Foi uma grande amiga, a Nathalie Gingold, que também passou por uns bocados com a primeira filha, que me sugeriu uma consultora de amamentação. Essa profissional nos salvou! Aprendi como colocar a boquinha do bebê no meu seio, aprendi que passar o próprio leite no bico, e tomar sol em seguida, ajuda na cicatrização e no fortalecimento da região, que é muito sensível inclusive por não ter acesso ao sol, dentre outras coisas. Em questão de dias, meus seios estavam cicatrizados, Otto já estava craque e tudo passou a fluir lindamente.

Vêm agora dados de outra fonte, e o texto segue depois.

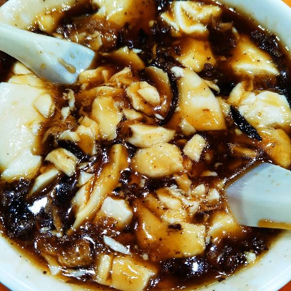 左上角那一碗黑乎乎的就是佳鹅心心念念的豆腐脑,前两次每次都是刚到我俩就没了,在北京一共呆了六天三天都跑过来吃这里的早饭,这种执着还有谁?分量每次都很夯实,一杯原味豆浆,一个糖花卷,一碗豆腐脑,一个...左上角那一碗黑乎乎的就是佳鹅心心念念的豆腐脑,前两次每次都是刚到我俩就没了,在北京一共呆了六天三天都跑过来吃这里的早饭,这种执着还有谁?分量每次都很夯实,一杯原味豆浆,一个糖花卷,一碗豆腐脑,一个糖油饼,心满意足啦。
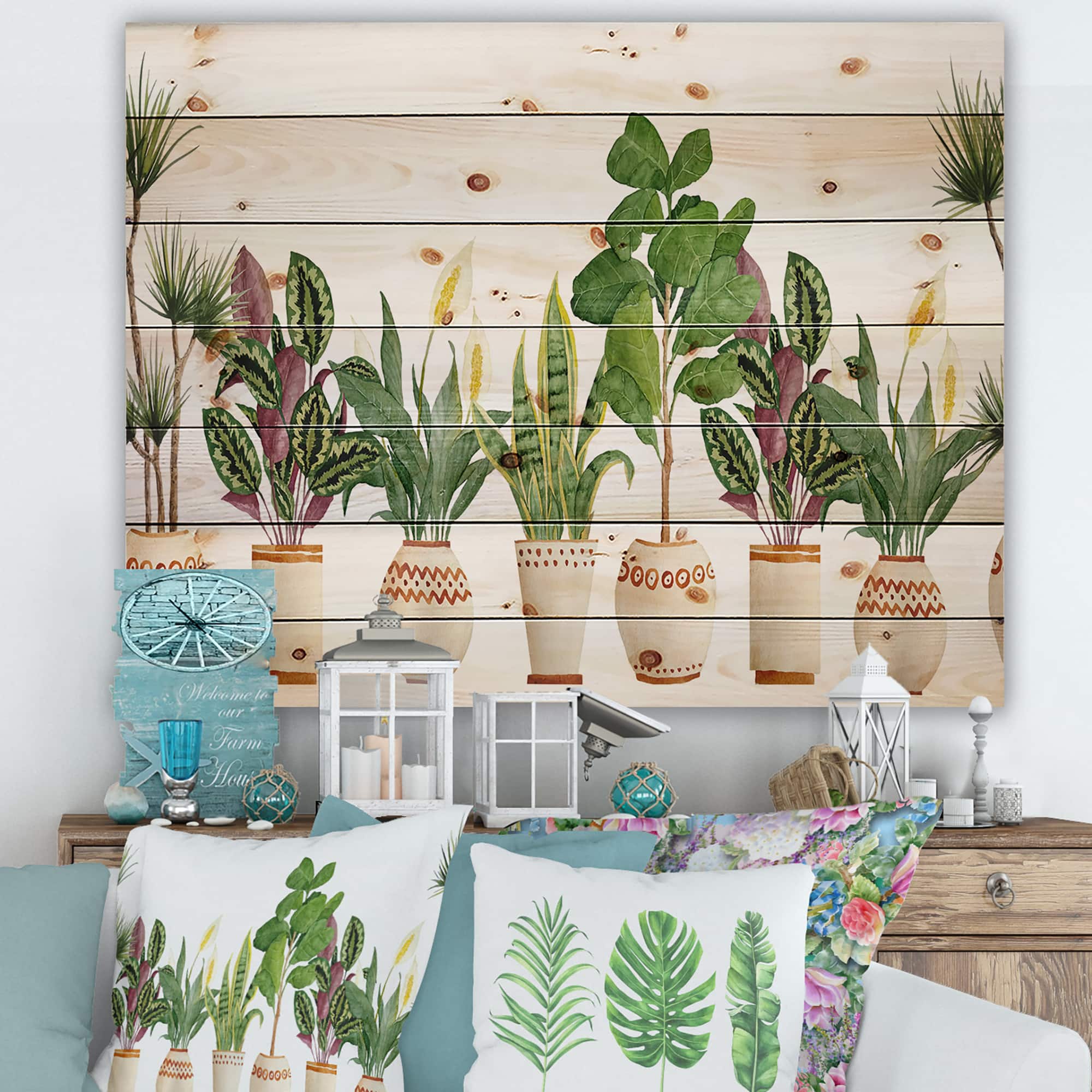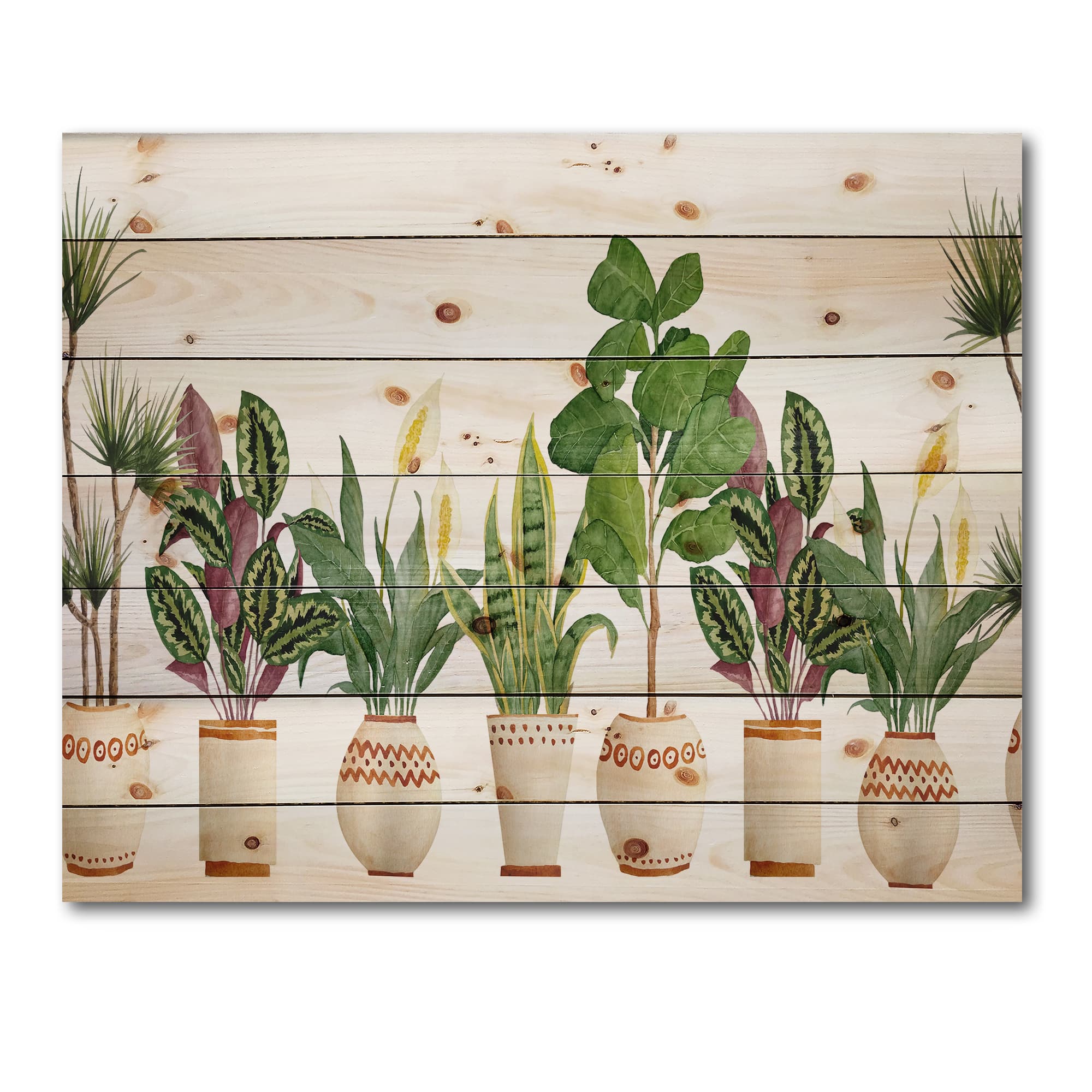 Designart - Trio of Houseplants Sanseviera Snake Plant - Farmhouse Print on Natural Pine Wood
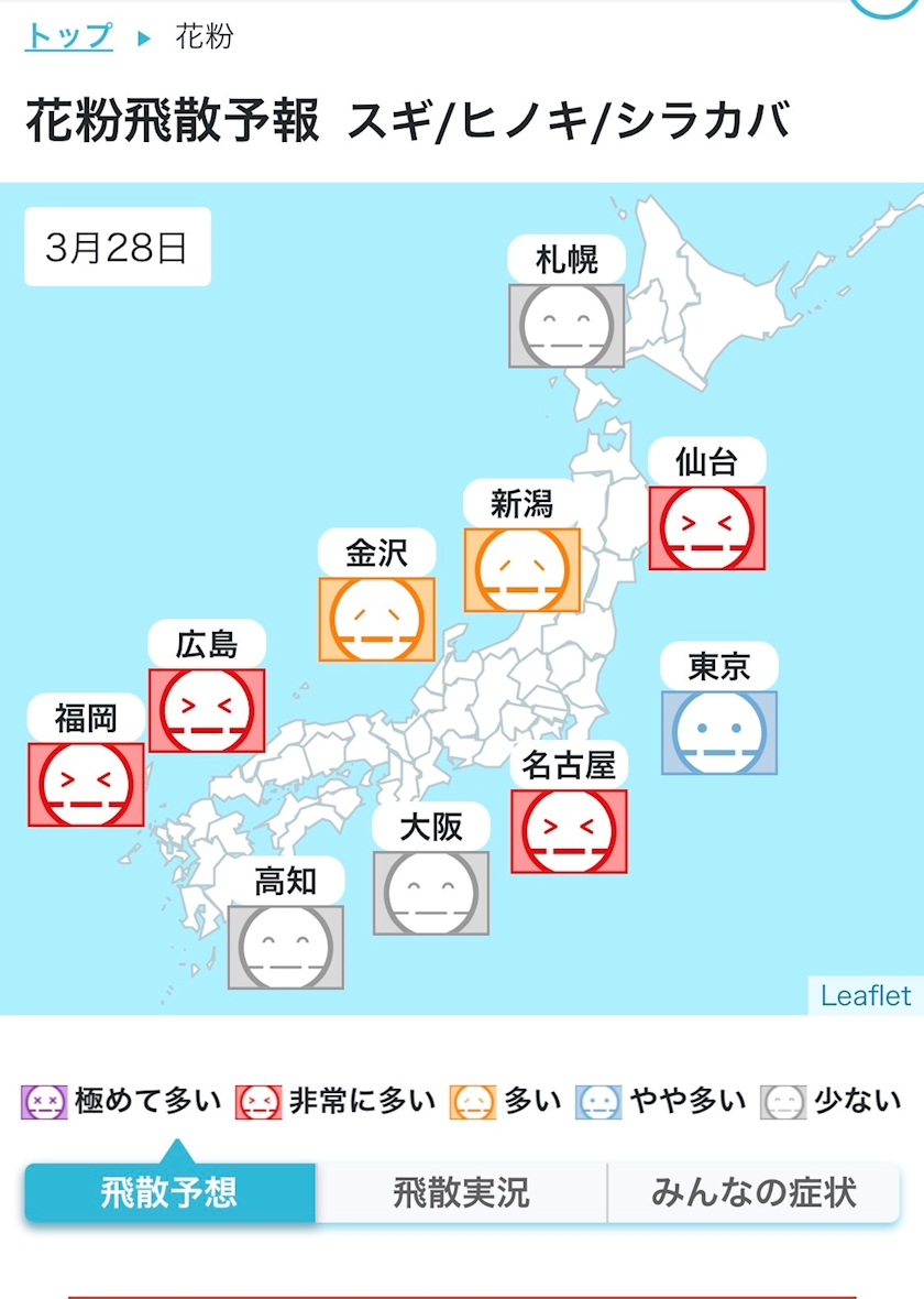 🌲今日(3/28)のスギ花粉情報(名古屋目安)
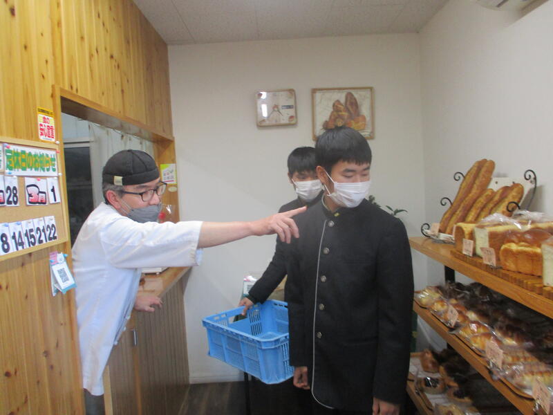 総合農業科2年植物コースでは南稜ブドウの販売促進と地域連携した農業の6次産業化モデル構築を目指し、生食でもおいしいピーオーネをレーズンに加工しています。そのレーズンをあさぎり町「パン工房」麦の音に、持参し商品化できないか相談しました。
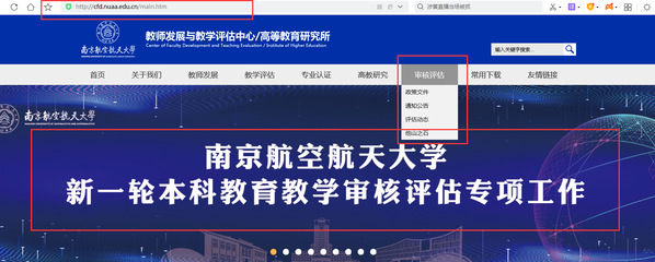 教发中心网站开通审核评估专栏,审核评估的相关材料后期都会发在专栏里,目前设置政策文件、通知公告、评估动态、他山之石四个模块。链接如下:http://cfd.nuaa.edu.cn/1530/list.htm。
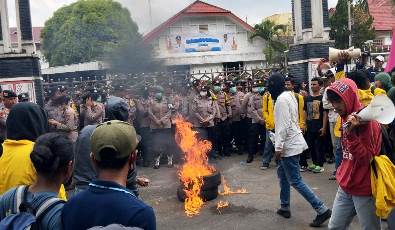 Sementara, Kapolres mengatakan agar mahasiswa menyampaikan aspirasi di depan kantor DPRD. Bukan di ruang gabungan fraksi dan massa aksi menolak. Bahkan, membacakan tuntutan yang diantaranya, tolak UU TNI Pasal 47 tentang penambahan empat posisi baru yang dapat diisi prajurit aktif, dan pasal 53 tentang usia pensiun TNI. Kemudian, desak DPR RI membatalkan UU TNI serta kecam TNI dan Polri yang mengintervensi masyarakat.
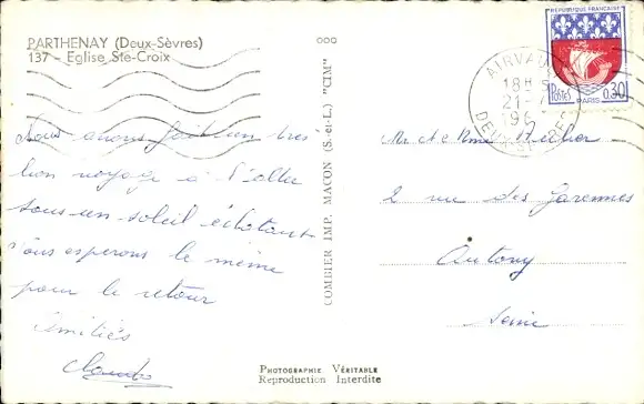 Ak Parthenay Deux Sèvres, Eglise Sainte-Croix
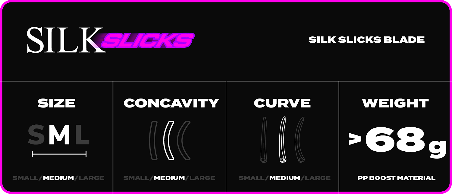Nová revolučná čepeľ SILK SLICKS – najjemnejšia čepeľ SILK je teraz vybavená technológiou SLICKS! Hodvábne hladký materiál PP Soft (PPS) v kombinácii s klzkým materiálom PE tvorí perfektné spojenie pre rýchle a hladké ovládanie loptičky. Technológia SLICKS z PE plastu poskytuje lepší sklz ako pri bežnej PP čepeli na každom povrchu, pričom zachováva jemný a citlivý kontakt materiálu PP Soft.

Dito tudo isso, devo admitir: nem sempre é fácil. Pelo que ouço das mães por aí, quase nunca, eu diria. Mas também não é impossível. Além do mais, existem, sim, mulheres e bebês que tiram de letra de primeira. Cada situação é única e que bom!

O importante é termos a certeza de que essa fase aparentemente interminável passa (porque passa) e cede lugar a um dos momentos mais interessantes da vida de mãe. No entanto, é necessário, conforme busquei relatar, muita informação de qualidade, ajuda e força para enfrentar os julgamentos alheios — coisa que demorei a ter. Porque gente para desestimular é o que não falta.

Se você chegar ao seu limite e vir que não deu, tudo bem. Aceite sem culpa e siga a nova vida. Mas é bom saber que, se a gente consegue superar esse período por vezes assombroso, o depois pode ser uma delícia. É uma delícia. Por isso, mais uma vez: busquemos informação de qualidade. E façamos da frase “vai passar” nosso mantra.

Às mulheres que não conseguiram ou não quiseram amamentar, não se sintam diminuídas diante desse assunto. Desistir no meio desse processo todo, estando na loucura do puerpério, é completamente compreensível. E certamente passou pela cabeça da maior parte das mulheres que sofreram para amamentar — ao menos da minha (e de muitas amigas) passou.

Quanto à decisão de não amamentar, também precisamos deixar de julgá-la, pois o direito de escolha de cada mulher deve ser individual e inalienável. Contudo, é preciso que essa escolha seja feita com conhecimento de causa, não por falta dele.

Outro fator importante é entender que ressaltar a importância da amamentação, independente da escolha individual de cada um, é um passo necessário para o reconhecimento de que se trata de um assunto político e, portanto, de ordem coletiva. Não apenas por ser questão de saúde pública, mas também porque se trata de ir contra a lógica de mercado que domina o campo da saúde na atualidade. E contra algo mais velado, referente ao controle do corpo da mulher, frequentemente hipersexualizado.

Porém lembremos: nossos seios não existem para o deleite masculino! Por isso, não temos de nos esconder na hora de amamentar, tampouco nos furtar dessa possibilidade em nome de manter o “bom corpo” para o companheiro. E quem se incomodar, seja com o peito à mostra, seja com o peito “caído”, que se retire do ambiente e das nossas vidas.

Espero ter deixado claro que nenhuma mulher é menos mãe por não ter amamentado. Mas também nenhuma mulher deve dar-se o direito de diminuir a importância desse ato – o de amamentar e o de estimular a amamentação – por não ter amamentado. O presente é tão grande, mulheres, não nos afastemos. Sigamos de mãos dadas cientes de que com o desmame precoce só a Nestlé ganha.